Спендий едва сдерживал свою радость, объясняя грекам и ливийцам, о каких ужасах рассказывал Зарксас. Он боялся верить его словам, до того все это было кстати. Балеары бледнели, слушая о том, как погибли их товарищи.
Речь шла об отряде в триста пращников, прибывших накануне ухода наемников и слишком поздно вставших в то утро. Когда они пришли на площадь к храму Камона, варваров уже не было; и они очутились без всяких средств защиты, так как их глиняные ядра были навьючены на верблюдов вместе с остальной поклажей. Им дали вступить в Сатебскую улицу и дойти до дубовых ворот, обшитых изнутри медью; тогда население сразу ринулось на них.
Воины действительно вспомнили, что до них донесся страшный крик; Спендий, бежавший во главе колонн, ничего не слышал.
Потом трупы положили на руки богов Патэков, которые стояли вокруг храма Камона. На убитых взвели все преступления наемников: обжорство, воровство, безбожие, глумление, а также убийство рыб в саду Саламбо. Над их телами надругались; жрецы жгли им волосы, чтобы мучилась их душа; затем их развесили по кускам в мясных; кое-кто вонзал в них зубы; а вечером, чтобы покончить с ними, на перекрестках зажгли костры.

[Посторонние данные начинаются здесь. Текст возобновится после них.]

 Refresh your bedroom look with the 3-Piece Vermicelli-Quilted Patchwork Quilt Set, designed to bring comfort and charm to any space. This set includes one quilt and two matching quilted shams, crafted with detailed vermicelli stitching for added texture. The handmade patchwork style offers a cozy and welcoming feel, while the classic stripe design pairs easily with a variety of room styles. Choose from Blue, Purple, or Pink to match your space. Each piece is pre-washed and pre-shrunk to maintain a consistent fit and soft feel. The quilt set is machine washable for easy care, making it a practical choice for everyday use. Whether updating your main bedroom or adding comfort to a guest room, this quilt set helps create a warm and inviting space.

Это и были те огни, что светились вдали на озере. Но так как от костров загорелось несколько домов, остальные трупы, так же как и умирающих, сбросили со стен. Зарксас прятался до следующего дня в камышах на берегу озера; потом он долго шел, отыскивая войско по следам в пыли. Утром он скрывался в пещерах, а вечером снова отправлялся в путь. Из его ран струилась кровь, он был голоден, болен, питался кореньями и падалью. Наконец он увидел в отдалении копья и пошел следом за ними; разум его помутился от ужаса и страданий.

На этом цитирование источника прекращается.